QProblem overview

Modern industrial "automated" production has become quite popular. However, the inspection of product quality still relies heavily on a large number of manual visual inspections or manual fixture measurement. Manual inspections are not only costly in personnel, but also unable to staff turnover and defect information. Immediate feedback on the front-end manufacturing process causing material loss and other issues. Manual inspection standards rely on the subjectivity of the rule of thumb, and personnel education and training are not easy, resulting in inconsistencies in quality specifications. However, the stability of product quality is one of the important key factors related to the competitiveness of enterprises.

  • Inspection over kills cause material waste and erode corporate profits.
  • Inspection misplacement (Under Kill) caused customer complaints to withdraw and faced compensation and loss of goodwill.

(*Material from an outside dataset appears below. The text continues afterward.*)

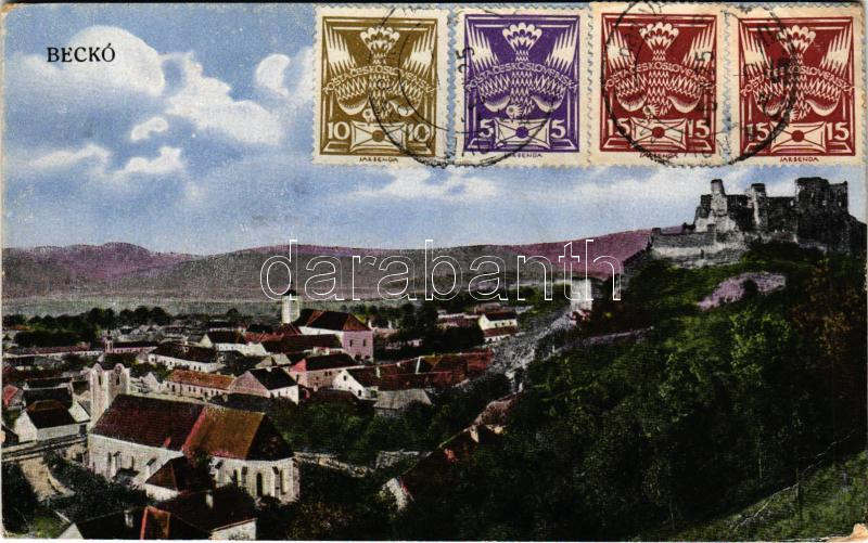 1925 Beckó, Beczkó, Beckov; látkép, várrom. Horovitz Adolf kiadása / view, castle ruins. TCV card (EB)
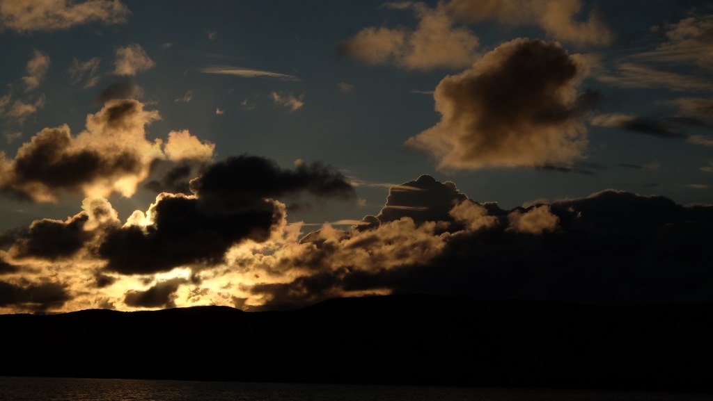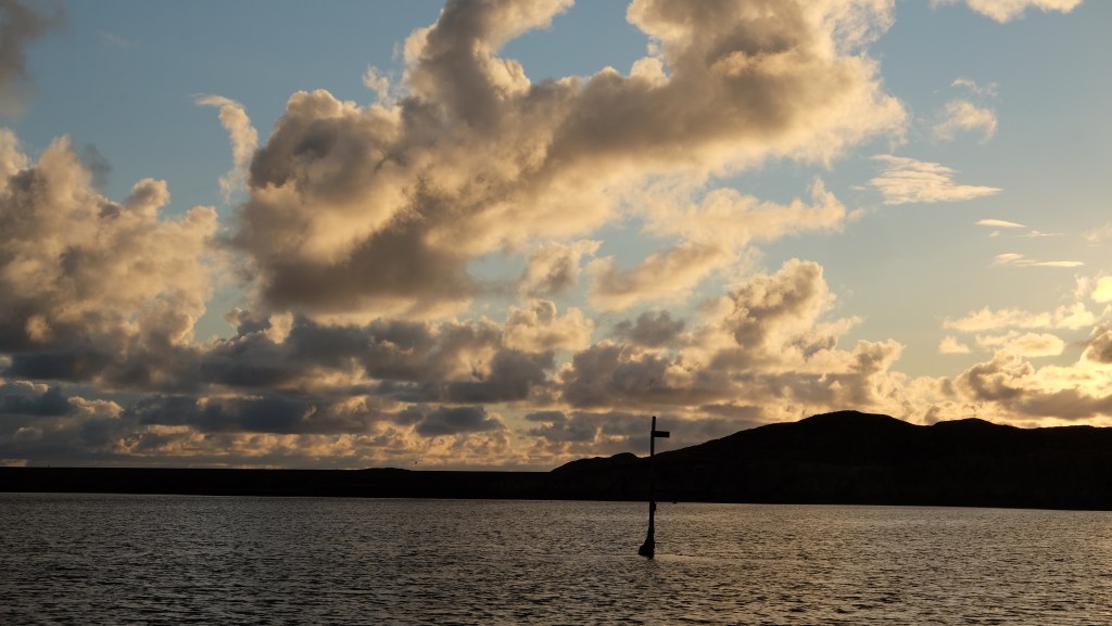 In late evening the other vessel returned and tied up alongside the first. I asked if it was OK that we stayed where we were and was told No Worries in the local dialect, with the offer of freshly-caught fish. Yes please! Guy came with a plastic bag of fillets of saith, which half-filled my bucket. “Need that much”, and a friendly good night. So I will be eating fish for dinner for a while. Amazing!

Through the four major functions of AOI machine vision: defect inspection, size measurement, barcode recognition, and multi-dimensional coordinate alignment, Yue Yang Zhikong uses image digital software technology to solve the problem of artificial quality inspection implicit internalization for the industry and assist customers Define quantitative standards for quality inspection. And combined with artificial intelligence deep learning technology, it can classify defects and quantify defect data, providing real-time defect cause analysis information. Save labor inspection costs, reduce product defect rates, effectively improve production line manufacturing processes, and assist companies in creating unmanned "intelligent quality inspection" operations.